The Cholesky issue $L_n$ will be factorized as

$notag L_n = M_{n-1} M_{n-2} dots M_1, qquad(3)$

the place $M_i$ is unit decrease bidiagonal with the primary $i-1$ entries alongside the subdiagonal of $M_i$ zero and the remaining equal to $1$. For instance,

notag begin{aligned} L_5 = left[begin{array}{ccccc} 1 & 0 & 0 & 0 & 0 0 & 1 & 0 & 0 & 0 0 & 0 & 1 & 0 & 0 0 & 0 & 0 & 1 & 0 0 & 0 & 0 & 1 & 1 end{array}right] left[begin{array}{ccccc} 1 & 0 & 0 & 0 & 0 0 & 1 & 0 & 0 & 0 0 & 0 & 1 & 0 & 0 0 & 0 & 1 & 1 & 0 0 & 0 & 0 & 1 & 1 end{array}right] left[begin{array}{ccccc} 1 & 0 & 0 & 0 & 0 0 & 1 & 0 & 0 & 0 0 & 1 & 1 & 0 & 0 0 & 0 & 1 & 1 & 0 0 & 0 & 0 & 1 & 1 end{array}right] left[begin{array}{ccccc} 1 & 0 & 0 & 0 & 0 1 & 1 & 0 & 0 & 0 0 & 1 & 1 & 0 & 0 0 & 0 & 1 & 1 & 0 0 & 0 & 0 & 1 & 1 end{array}right]. end{aligned}

The factorization (3) exhibits that $P_n$ is completely constructive, that’s, each minor (a determinant of a sq. submatrix) is constructive. Certainly every bidiagonal issue $M_i$ is completely nonnegative, that’s, each minor is nonnegative, and the product of completely nonnegative matrices is completely nonnegative. Additional ends in the idea of completely constructive matrices present that the product is definitely completely constructive.

The constructive definiteness of $P_n$ implies that the eigenvalues are actual and constructive.

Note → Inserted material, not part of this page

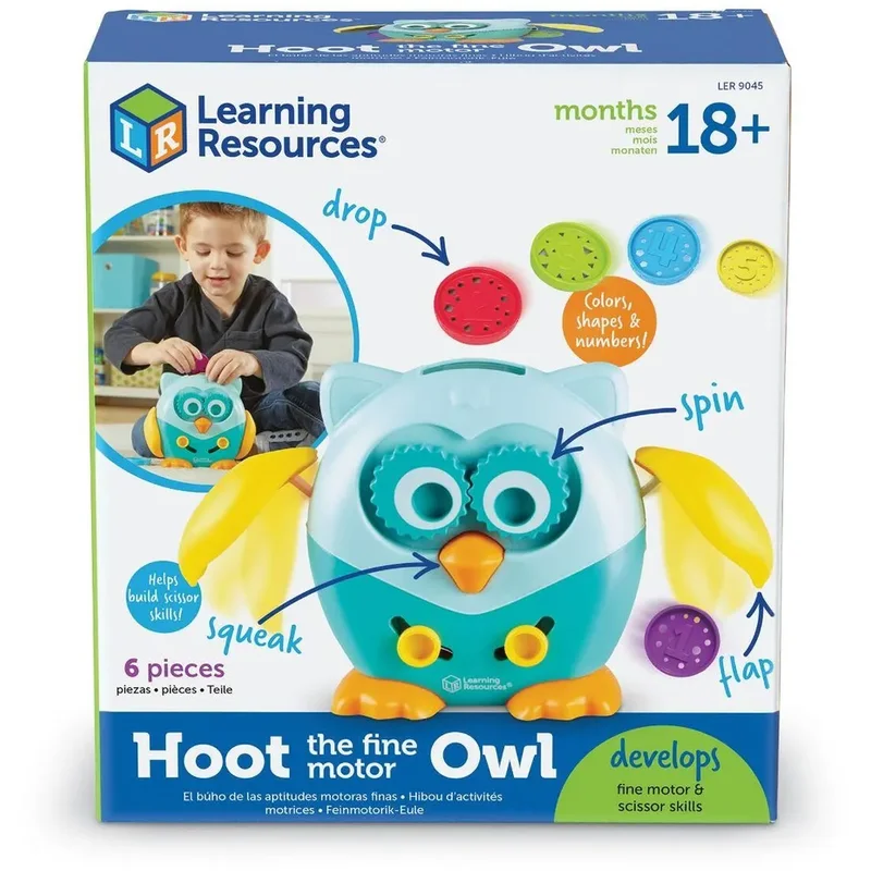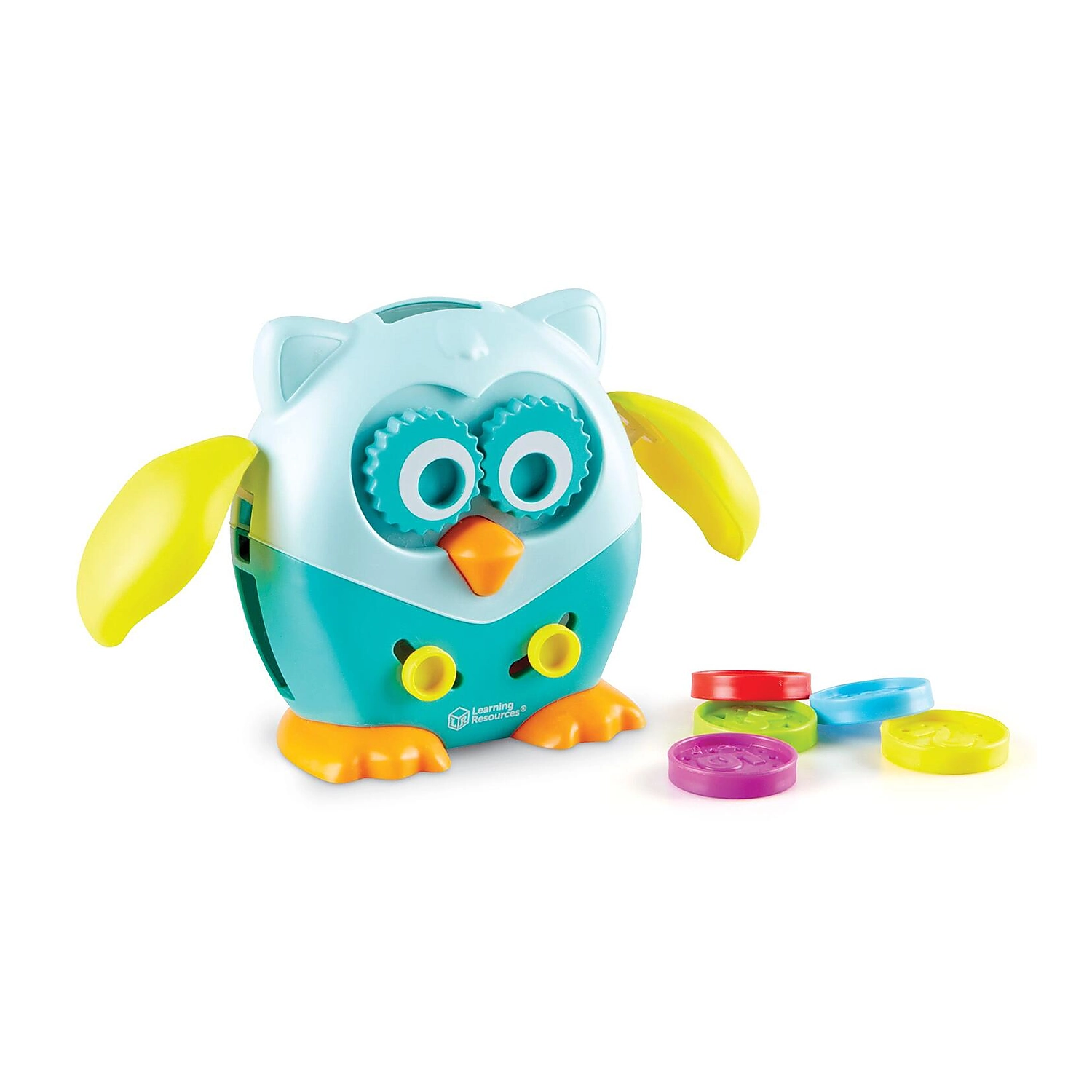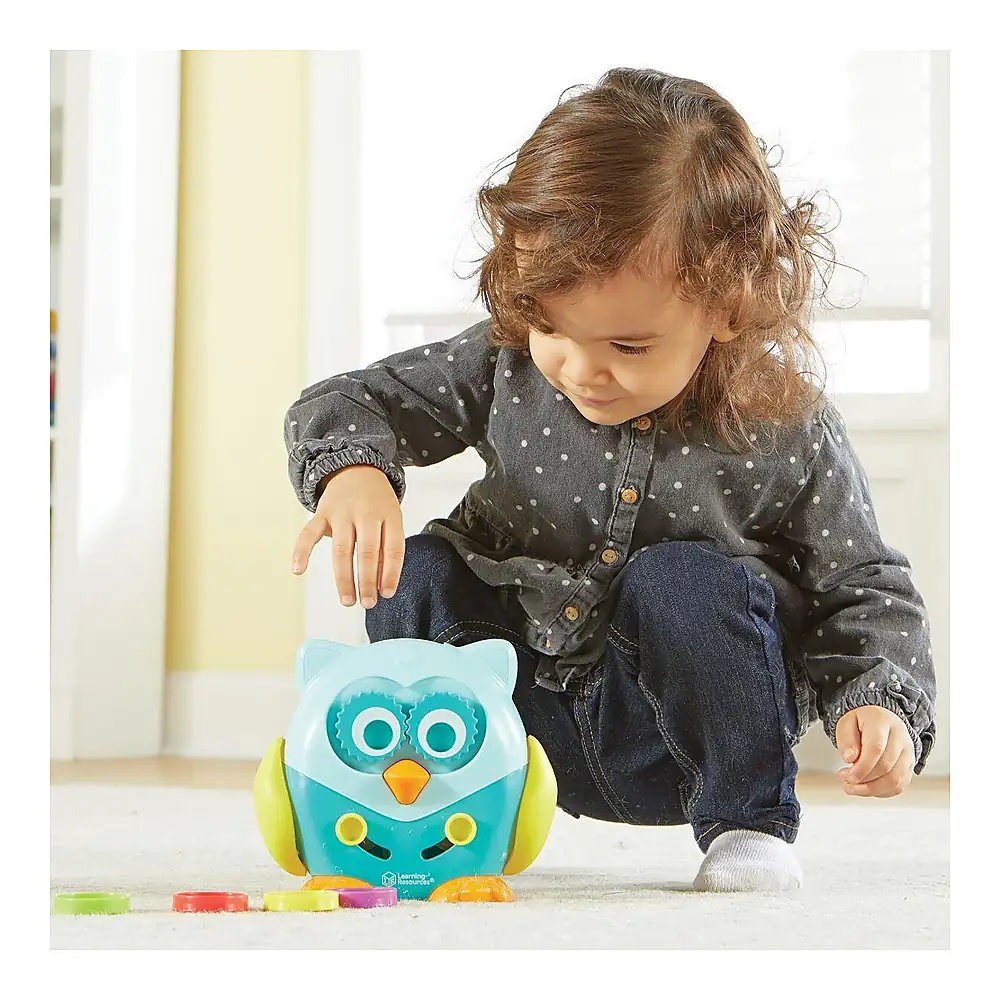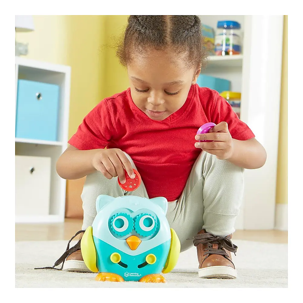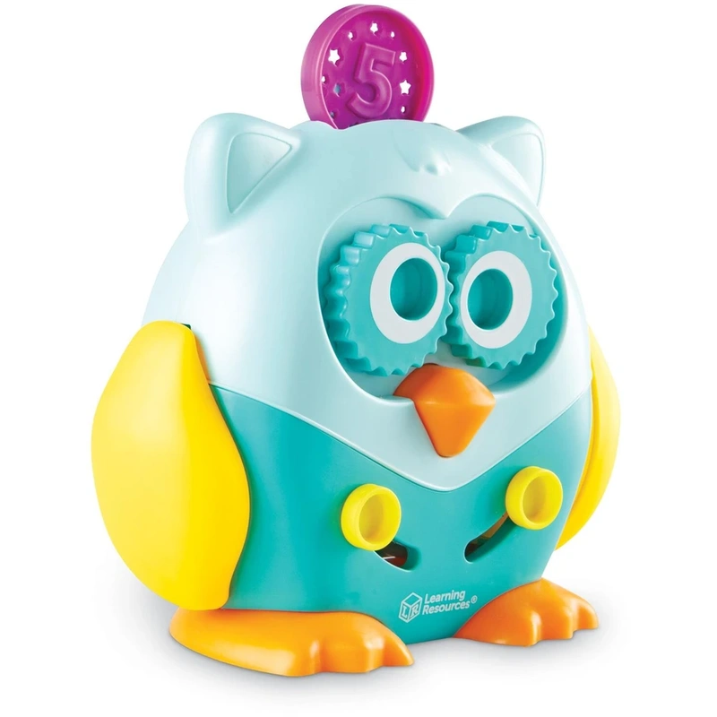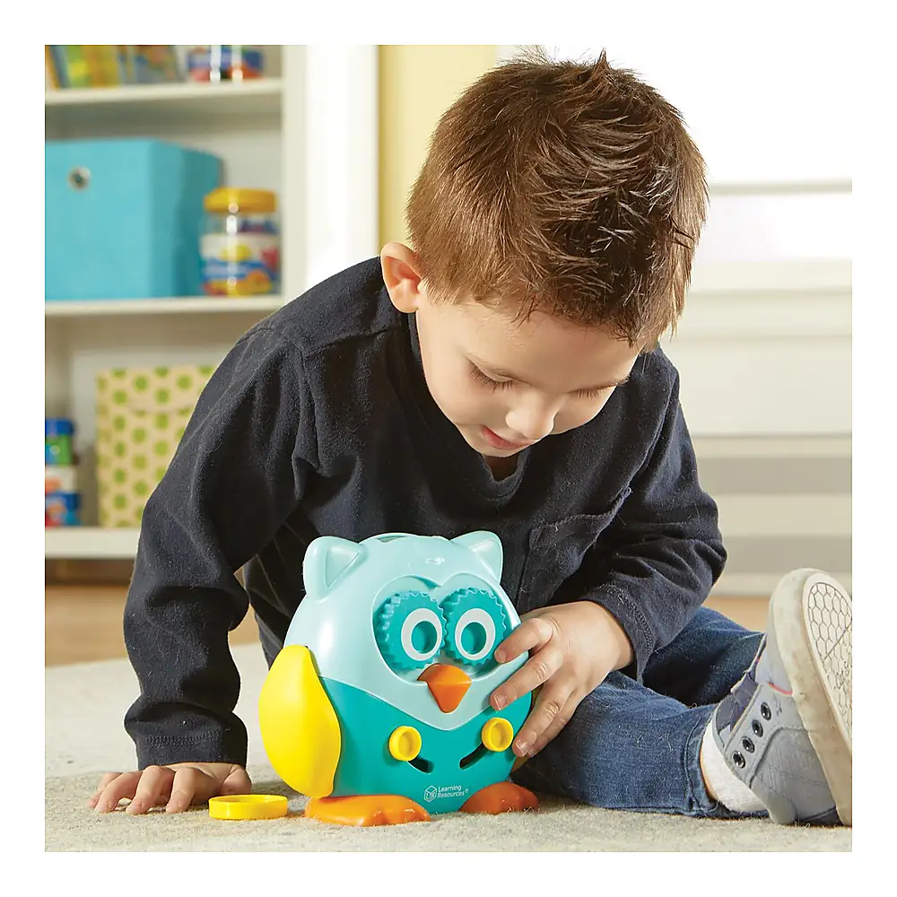 - copiii exerseaza prinderea prin rotirea ochilor bufnitei, isi construiesc forta in manute prin apasarea nasului si isi dezvolta coordonarea ochi-mana prin inserarea monedelor prin orificiul aflat pe capul bufnitei

The whole positivity, along with the truth that $P_n$ is (trivially) irreducible, implies that the eigenvalues are distinct.

For a symmetric constructive semidefinite matrix $A$ with nonnegative entries, we outline $A^{circ t} = (a_{ij}^t)$, which is the matrix with each entry raised to the facility $tin mathbb{R}$. We are saying that $A$ is infinitely divisible if $A^{circ t}$ is constructive semidefinite for all nonnegative $t$. The Pascal matrix is infinitely divisible.

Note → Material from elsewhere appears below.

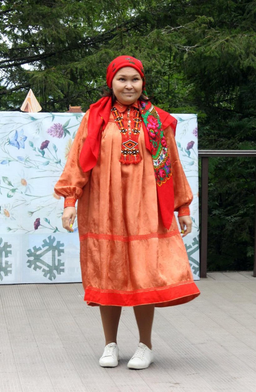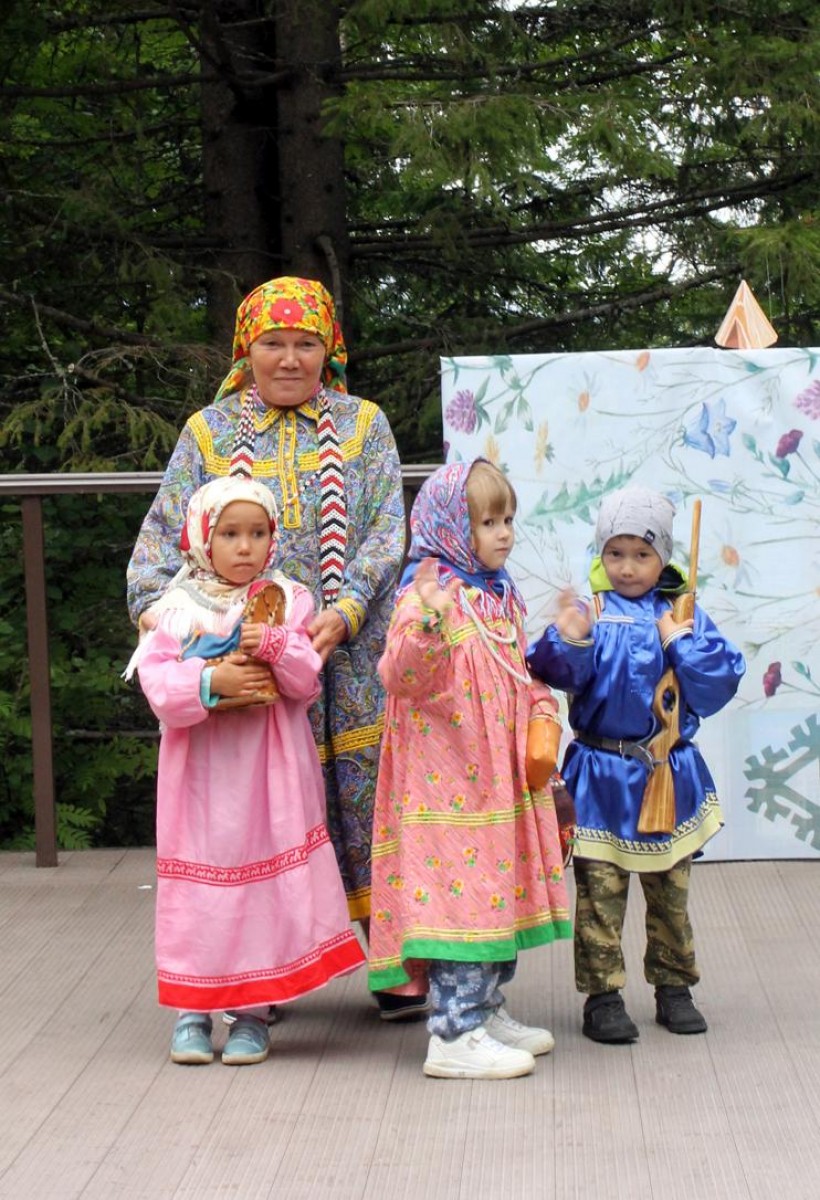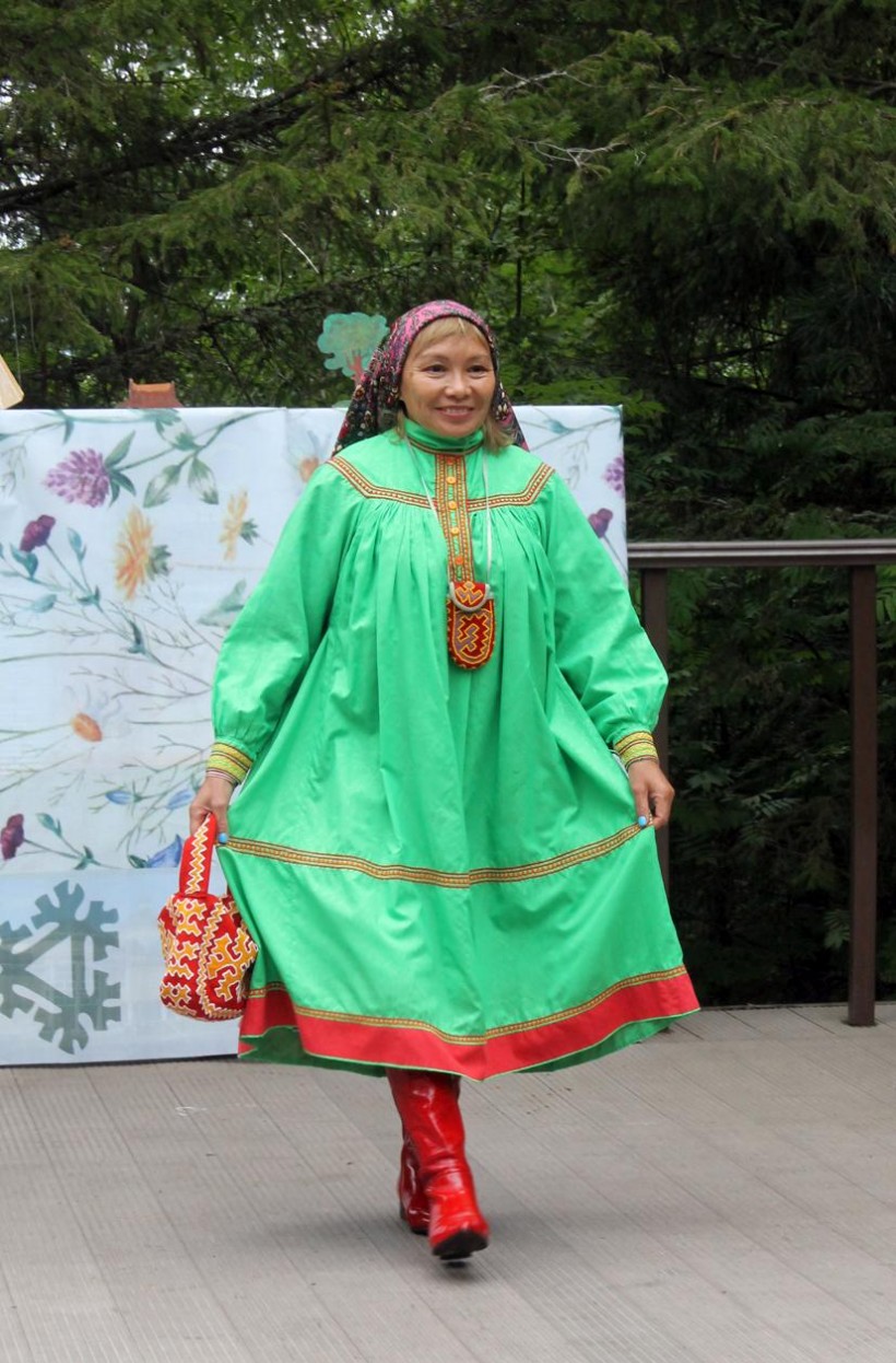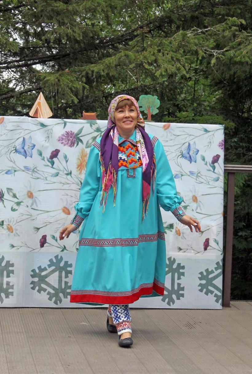 После торжественной части началось красочное шествие представителей малочисленных народов округа в национальных нарядах. Дамы все возрастов выходили на подиум как настоящие модели, демонстрируя не только орнаментированную одежду, но и головные уборы, обувь. Вместе с ними выходили и совсем юные участники этого необычного дефиле.

It’s attainable to point out that

$notag L_n^{-1} = DL_nD, qquad (4)$

the place $D = mathrm{diag}((-1)^i)$. In different phrases, $Y_n = L_nD$ is involutory, that’s, $Y_n^2 = I$. It follows from $P_n = Y_n Y_n^T$ that

notag begin{aligned} P_n^{-1} = Y_n^{-T} Y_n^{-1} = Y_n^T Y_n = Y_n^{-1} (Y_n Y_n^T) Y_n = Y_n^{-1} P_n Y_n, end{aligned}

so $P_n$ and $P_n^{-1}$ are comparable and therefore have the identical eigenvalues. Which means the eigenvalues of $P_n$ seem in reciprocal pairs and that the attribute polynomial is palindromic. Right here is an illustration in MATLAB:

```>> P = pascal(5); evals = eig(P); [evals 1./evals], coeffs = charpoly(P)
ans =
1.0835e-02   9.2290e+01
1.8124e-01   5.5175e+00
1.0000e+00   1.0000e+00
5.5175e+00   1.8124e-01
9.2290e+01   1.0835e-02
coeffs =
1   -99   626  -626    99    -1
```

Now

$p_{nn} le |P|_2 le (|P|_1 |P|_{infty})^{1/2} = biggl(displaystylefrac{2n-1}{n}biggr) p_{nn},$

the place for the equality we used a binomial coefficient summation id. The truth that $P_n$ is constructive particular with reciprocal eigenvalues implies that $kappa_2(P) = |P|_2^2$. Therefore, utilizing Stirling’s approximation ($n! sim sqrt{2pi n} (n/mathrm{e})^n$),

$kappa_2(P_n) sim p_{nn}^2 simleft( displaystylefrac{ (2n)! }{ (n!)^2 } right)^2 sim displaystylefrac{16^n}{n pi}.$

Thus $P_n$ is exponentially in poor health conditioned as $ntoinfty$.

The matrix $Y_n$ is obtained in MATLAB with `pascal(n,1)`; this can be a decrease triangular sq. root of the id matrix. Turnbull (1927) famous that by rotating $Y_n$ by way of 90 levels one obtains a dice root of the id matrix. This matrix is returned by `pascal(n,2)`. For instance, with $n = 5$:

$notag hspace*{-1cm} X = left[begin{array}{rrrrr} 1 & 1 & 1 & 1 & 1 -4 & -3 & -2 & -1 & 0 6 & 3 & 1 & 0 & 0 -4 & -1 & 0 & 0 & 0 1 & 0 & 0 & 0 & 0 end{array}right], quad X^2 = left[begin{array}{rrrrr} 0 & 0 & 0 & 0 & 1 0 & 0 & 0 & -1 & -4 0 & 0 & 1 & 3 & 6 0 & -1 & -2 & -3 & -4 1 & 1 & 1 & 1 & 1 end{array}right], quad X^3 = I.$

The logarithm of $L_n$ is explicitly recognized: it’s the higher bidiagonal matrix

$notag log L_n = left[begin{array}{ccccc} 0 & 1 & & & & 0 & 2 & & [-5pt] & & 0 & ddots & [-5pt] & & & ddots & n-1 & & & & 0 end{array}right]. qquad (5)$

## Notes

For proofs of (2) and (4) see Cohen (1975) and Name and Velleman (1993). respectively. For (5), see Edelman and Strang (2004). The infinite divisibility of the Pascal matrix is infinitely is proven by Bhatia (2006). For the entire positivity property see Fallat and Johnson (2011).